Remobilization of surficial slope sediment triggered by the A.D. 2011 Mw 9 Tohoku-Oki earthquake and tsunami along the Japan Trench
2016
The A.D. 2011 Tohoku-Oki M w 9 earthquake ruptured the megathrust
up to the Japan Trench with a large displacement and caused
a catastrophic tsunami. This study is the first to use short-lived radioisotopes,
including those emitted by the damaged nuclear reactors at
the Fukushima Daiichi nuclear power plant (Japan), to document the
remobilization of the upper few centimeters of sediment as a highly
significant process triggered by the earthquake and its aftershocks.
Targeting the post-earthquake environment allowed characterization
of the sedimentary signature of this event for a better understanding
of paleoearthquakes in Japan and other tectonically active boundary
areas. The results stem from 23 piston cores recovered by the 2013
expedition NT13-19 of the Japan Agency for Marine-Earth Science
and Technology. We document submarine homogeneous muddy flow
deposits that were triggered by ground motion in 2011. They are highly
enriched with excess (xs) xs 210 Pb, requiring only centimeters-deep
sediment remobilization over large areas of the seafloor. Some contain
134 Cs and 137 Cs radioisotopes derived from the Fukushima nuclear
reactors, indicating that sedimentation persisted for at least 30 days
after the main shock. We found these deposits at all sampling sites in
an ∼5000 km 2 area of the seafloor in 4000–6000 m of water depth. The
study area extends for ∼260 km parallel to the strike of the trench.

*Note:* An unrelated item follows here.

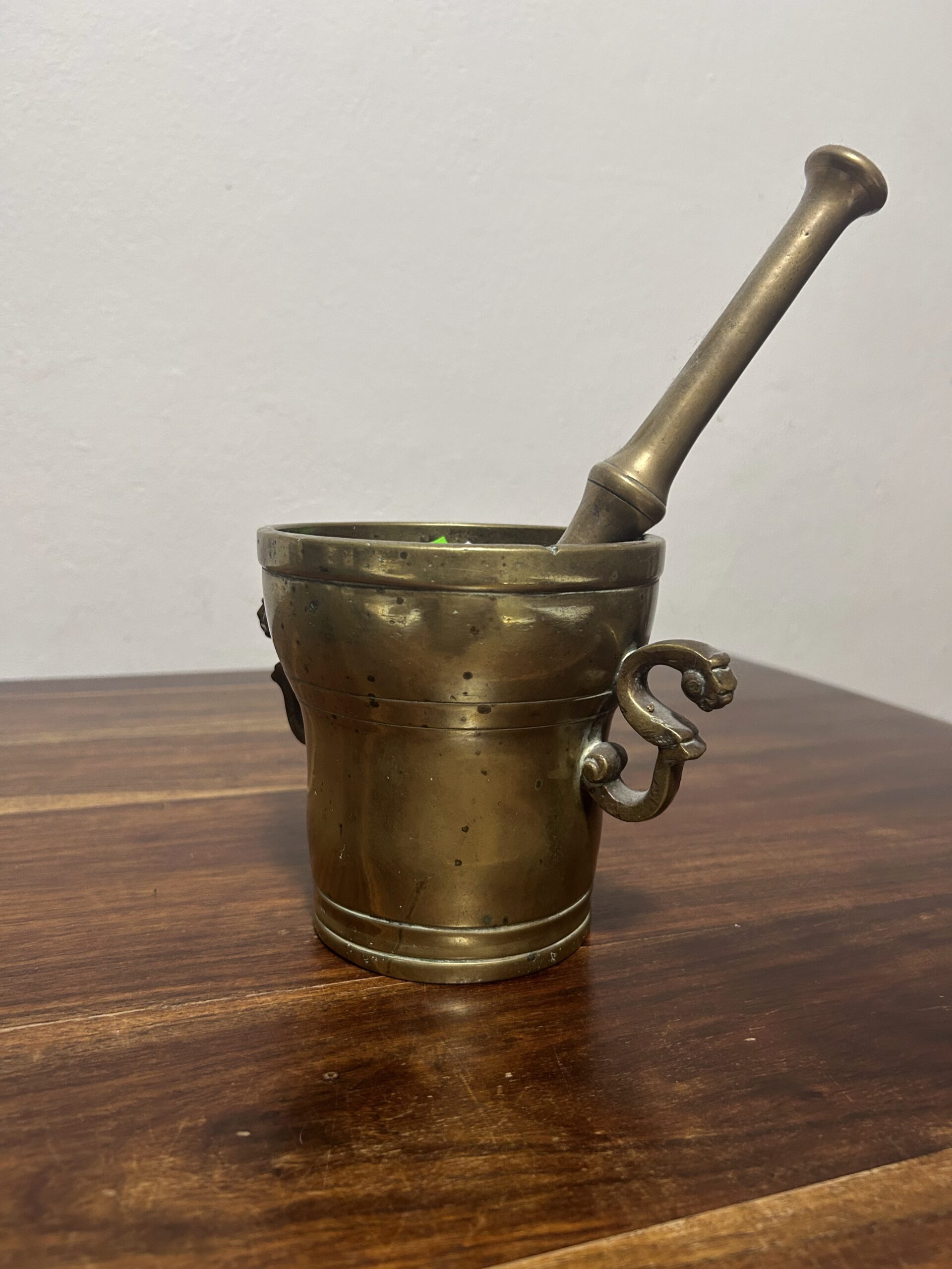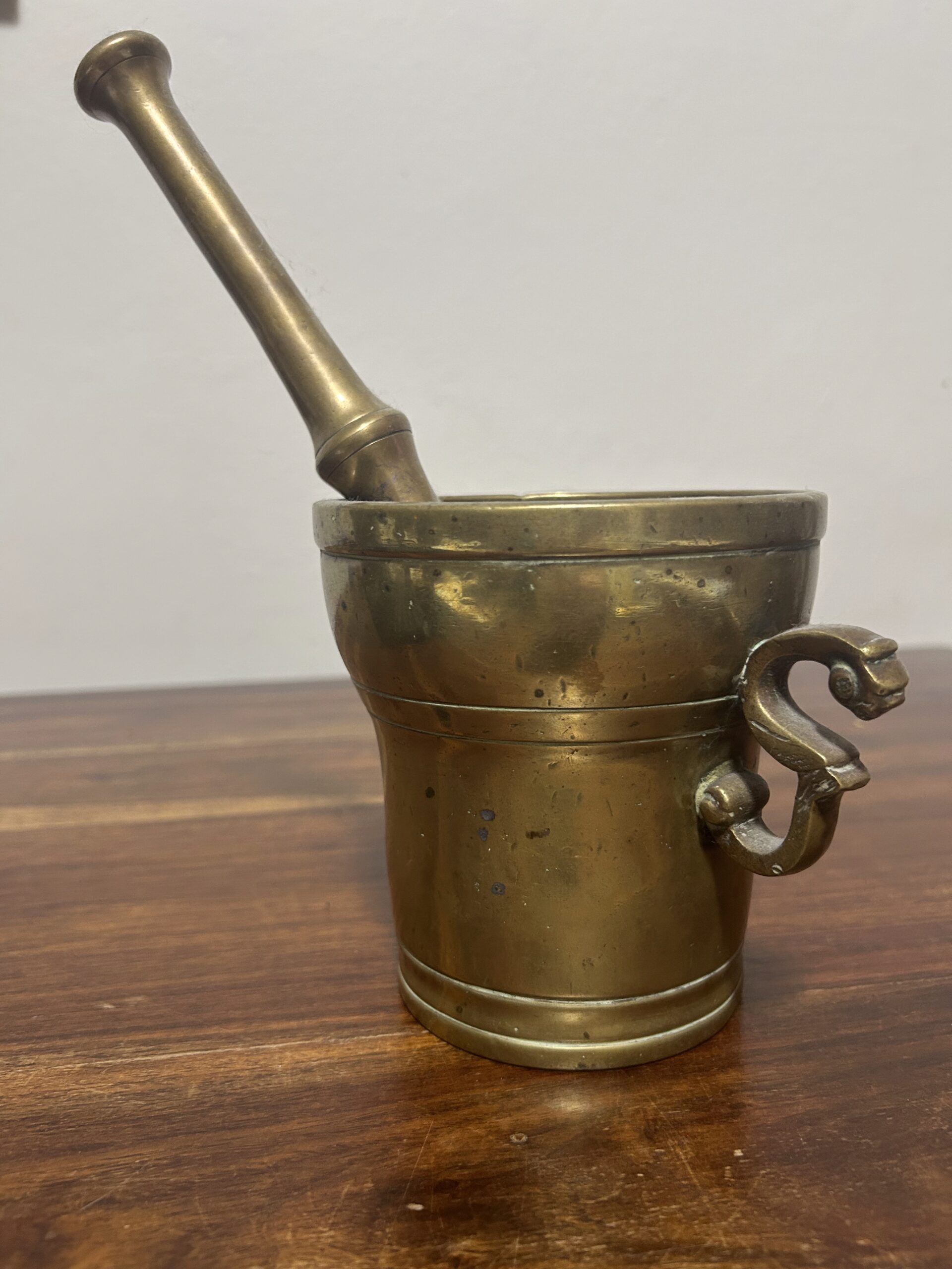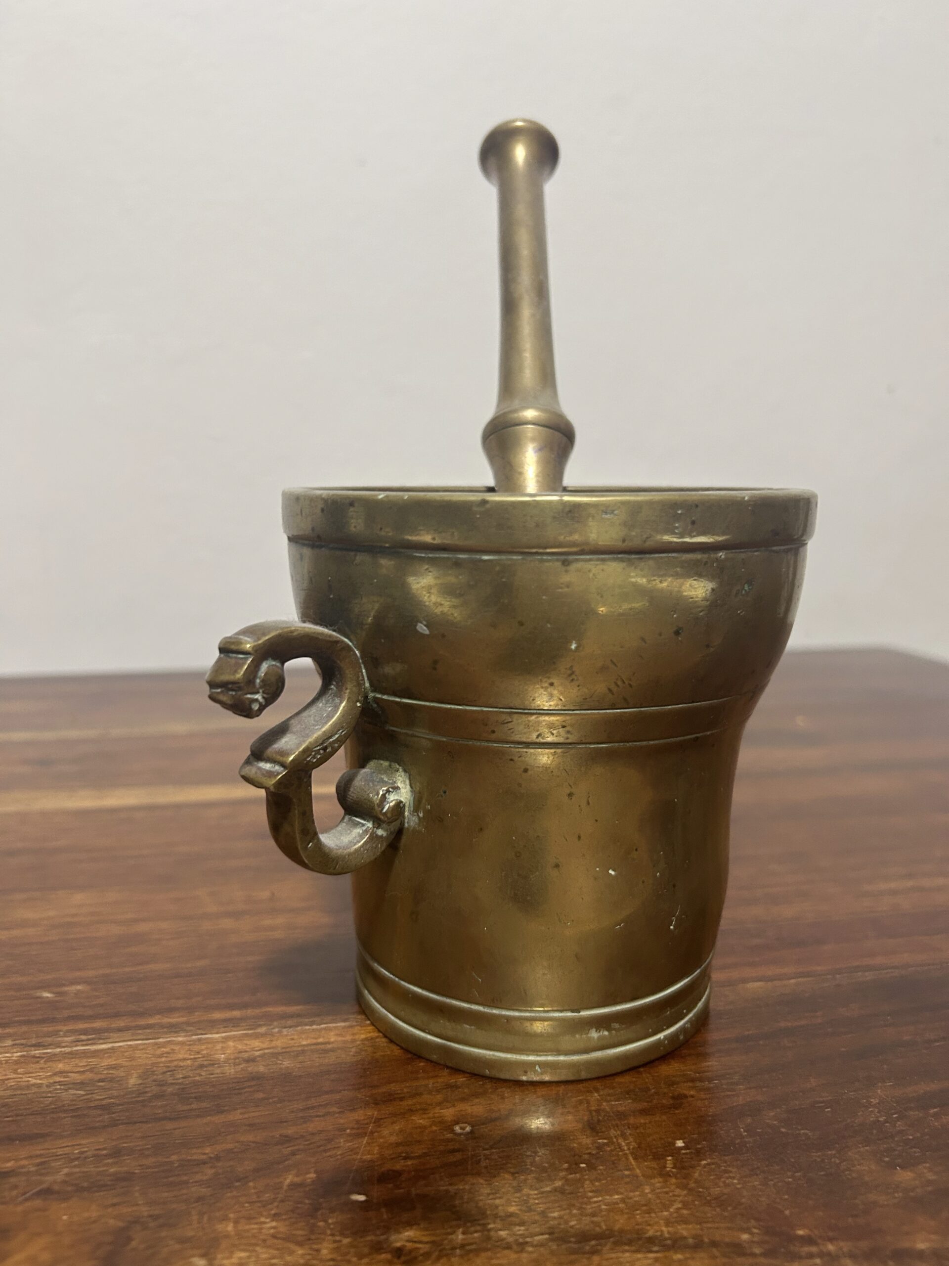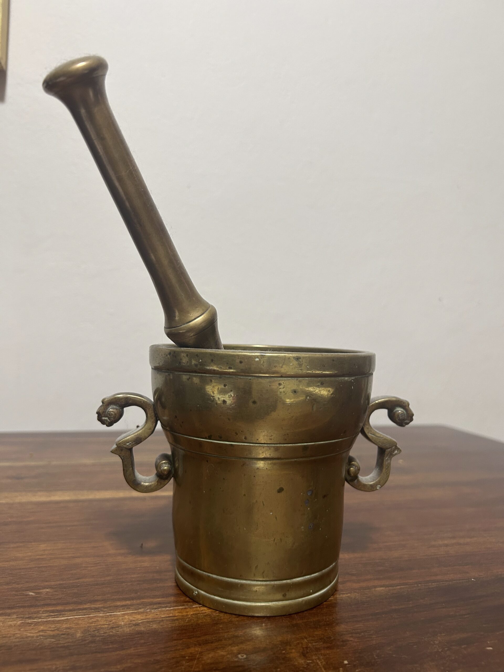 Mosiężny moździerz ze zdobionymi uchwytami – Elegancja i solidność

The thickness of this "Tohoku layer" (3–200 cm) increases toward the
zone of maximum megathrust slip, where deposits are thickest. These
results demonstrate that the shaking of the seafloor above large megathrust
ruptures near the trench remobilized surficial unconsolidated
sediment for hundreds of kilometers. The characteristics of these
deposits may typify deposits resulting from large fault slips like that
of the Tohoku-Oki earthquake, but also other earthquake deposits,
contributing to their identification in the sedimentary record globally.